Teachers, who also have experienced remote learning as parents, give important insights into the asynchronous process about how to integrate remote and asynchronous learning into the school week. Jenny Pieratt does this in her April 2020 blog post on designing a flexible, asynchronous schedule. How will such flexible and asynchronous learning become integrated into the school week as part of in-school and homework learning?
3. More Meaningful and Inclusive Participation Strategies
The third and probably most challenging lesson learned in remote teaching has been how to engage all students online.
While student engagement was a primary goal in face-to-face teaching, educators had become accustomed to the status quo in their classrooms, with a small percentage of students engaging in the majority of classroom interactions. We used nonverbal cues, thumbs up, and other checks for understanding as a way to tell ourselves that everyone was actively engaged.
When moving from our brick-and-mortar classrooms to virtual ones, we became acutely aware of how difficult it is to engage every student in active participation. In response, we created a plethora of participation strategies. A few examples include:
- Edutopia’s eight strategies
- The Seattle Department of Education and Early Learning’s six tips
- ISTE’s ideas for breakout rooms, interactive slides, and keeping it social
However, there are larger issues of when and how students participate, and who participates, virtual or not. What will be essential for all educators in the coming year is to consider the broad and complex set of ethical questions around students returning to the classroom while the pandemic continues to impact their lives.

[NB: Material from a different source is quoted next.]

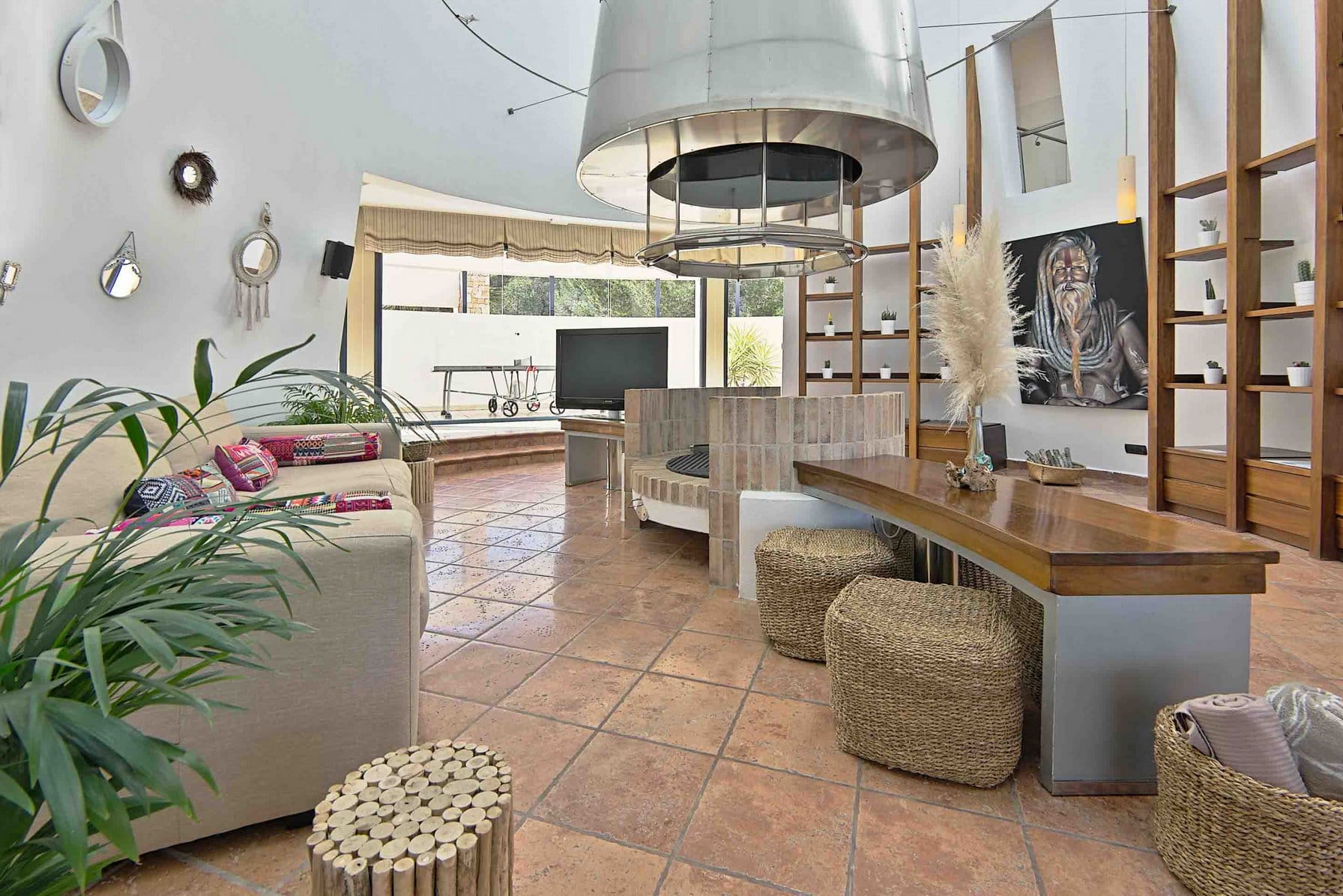Impressive villa with breath taking views to the ocean and the mountains. It has been decorated with much style, where the Living room stands out for its central chimney that invites to stay and enjoy a good glass of wine, book or music. It has beautiful outdoor places where you can enjoy the swimmingpool and the gorgeous landscape with a magnificent sunset.

Johns Hopkins University addressed the moral complexity of school reopenings in an important document: The Ethics of K-12 School Reopening: Identifying and Addressing the Values at Stake. It is a “must-read” for all educators.
When we think of students participating online or in a physical classroom, broader moral questions need to be raised about their well-being, liberty (issues of choice and privacy), and issues of justice and equity.

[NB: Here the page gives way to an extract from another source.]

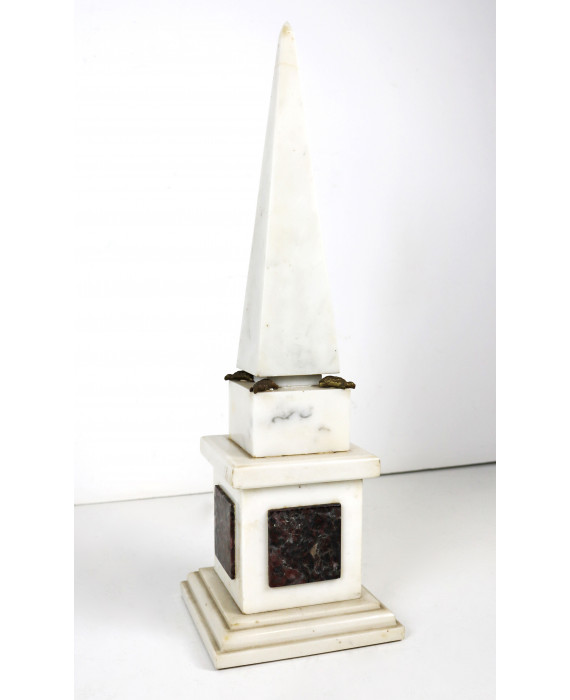 Obelisco in marmo bianco con inserti in diaspro di Sicilia. Alt. cm53

One of the major realizations from teaching and learning during the pandemic has been acknowledging the pervasive, extensive and long-term inequities in our educational systems from preschool through college. When students are seated at their desks, it is easy to ignore that being in the same classroom does not ensure that everyone has the same learning opportunities.
So, as we return to physical classroom spaces that once again mask these inequities, we need to become more ardent advocates for every student and constantly ask, “Does everyone have what they need to learn?” And more importantly, “What does everyone need in this time and place?”
Pandemic remote learning revealed how ineffective and immoral the status quo is; now we need to return to the classroom and challenge those injustices while at the same time stepping up to the task of helping every student recoup lost learning opportunities. One way to do this is by taking the lessons learned and making meaningful changes in our instructional practices through leveraging the most effective remote teaching strategies.